All notices hereunder shall be in writing. If intended for Client they shall be either delivered personally or sent to the address Client submitted to “Hit or Click Marketing”. If intended for Hit or Click Marketing Corp, a.k.a. “Hit or Click Marketing” they shall be sent registered or certified mail, return receipt requested to the attention of Lucas Ferrer at 3190 Howard Ave, Oviedo FL 32765. Either party may, by appropriate notice, change the address to which notices for it are to be sent.
These terms and conditions, as well as those terms contained “Line Item Pricing” section of the Client Proposal signed by Client represent the entire agreement between the parties relating to the subject matter hereof and supersedes all previous and collateral agreements, representations, statements, warranties, promises and understandings with regard thereto. No representations or statements not expressly set forth herein (including without limitation trade practice, the course of dealing between the parties, and the provisions of any sales literature, proposals or similar documents submitted to Client) shall be binding upon either party as a warranty or otherwise.
No Modification; Restrictive Clauses, Legends, Etc. Ineffective
No waiver, alteration, or modification of any of the provisions of this Agreement shall be binding unless in writing and signed by an authorized representative of the party to be charged and only to the extent therein set forth. If either party issues a purchase order or other document for the services provided in this Agreement such document will be considered to be for that party?s internal use and any provisions contained therein shall be of no effect. Neither party to this Agreement shall be bound by any restrictive legends on any instrument tendered as payment by the other party.
This Agreement may be executed in any number of counterparts, each of which shall be deemed an original and all of which shall constitute a single Agreement to be effective as of the date signed by both parties.
In the event of conflicting terms between those found in the “Line Item Pricing” section of the Client Proposal and Exhibit A, the terms contained within the “Proposal” section of the Client Proposal are to control.

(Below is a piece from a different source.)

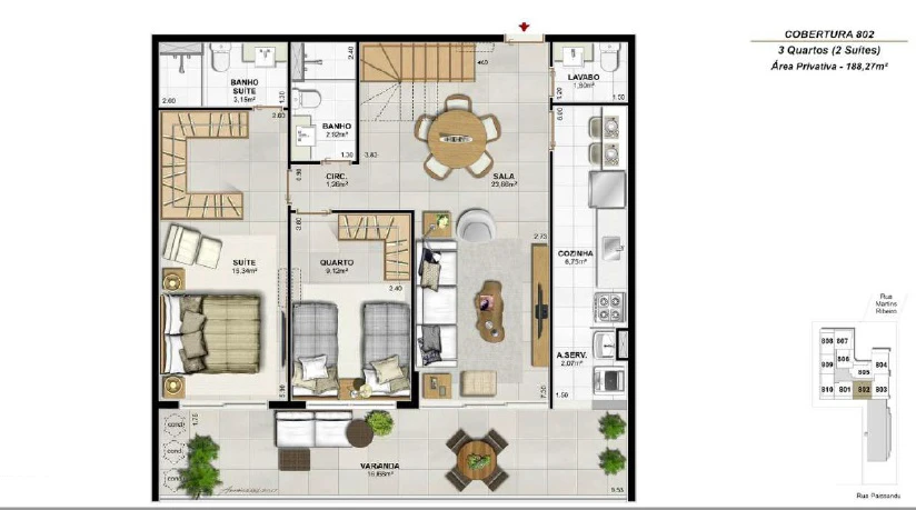 Coberturas Dúplex de 3 Quartos 150m² até 194m²;

Alternative Dispute Resolution
The Parties hereby agree that litigation is not the preferred solution to any disagreement between them. Furthermore, the Parties agree that before an official lawsuit is filed, the parties will make a commercially reasonable effort to settle the issue out of court. This includes, but is not limited to, informal or formal mediation, phone conferences, exchanging of proposed resolutions via email, etc. The Parties may, by mutual agreement, submit any disagreement to binding arbitration in lieu of formal litigation. The terms and conditions of the arbitration are to be set by mutual agreement of the Parties.